The first step is to create an empty test suite with at least one test that runs. This will mean that when you go to add a test later you have no barriers — you already have a suite.
You then need to follow two rules. First, write tests for all new features. Second, add a failing test that exposes the bug before you fix any bug.
By doing these two things you will end up testing two very important areas of your code — new code (which will always be buggiest) and code that has recently proven to be buggy.
This is so incredibly important. So many people do not spend time upfront getting projects structured and setup for builds, testing, deployment and the appropriate automation for each. I should not be copying and pasting out of date scripts from random folders on a network share to build.
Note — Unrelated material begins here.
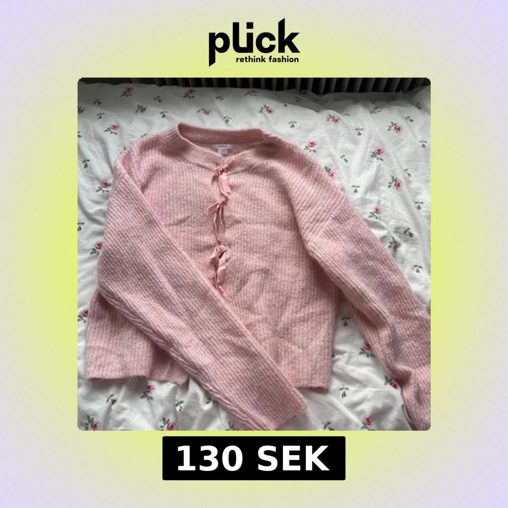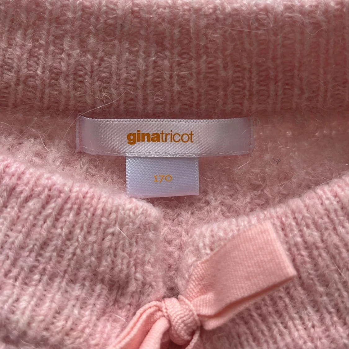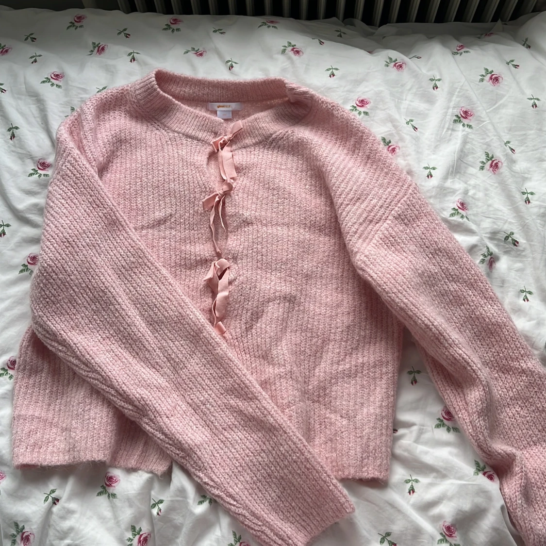 Superfin ljusrosa stickad kofta från Gina Tricot med långärmad modell och söta rosetter framtill. Har aldrig används!

Or to package something. Or grabbing an EXE from one place and a DLL from another to run my unit tests.
People don't like writing tests because it's not as fun as writing code, but because it also requires a different setup, configuration and flow to get them executing. Figuring that out and making it easy to execute those tests is important in getting people to want to write them.
> Figuring that out and making it easy to execute
> those tests is important in getting people to
> want to write them.
This is so incredibly important. Anyone on your team should be able to run the test suite from the command line by invoking a single command. The easier and the quicker a test suite runs, the more people will run it.
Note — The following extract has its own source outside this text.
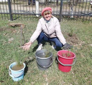На территории ДДТ были высажены саженцы сосны. Зеленые деревца создадут в будущем красивый, уютный уголок!

Also, spending a day to setup a CI server (Jenkins, circleci.com or similar) is a good use of your time. You want to have the CI run the test suite after every commit to your mainline branches in SCM.
Another key aspect to testing is generating clear and concise error output. One thing I find very frustrating is when a CI build fails, but it is not clear why. I find most CI systems are very good at listing all the passing tests, or when a few tests fail in the expected way. When tests fail hard (exceptions thrown, processing not start or not running) I find that I often need to go reading through build logs to find out what went wrong and why.
You then need to follow two rules. First, write tests for all new features. Second, add a failing test that exposes the bug before you fix any bug.
By doing these two things you will end up testing two very important areas of your code — new code (which will always be buggiest) and code that has recently proven to be buggy.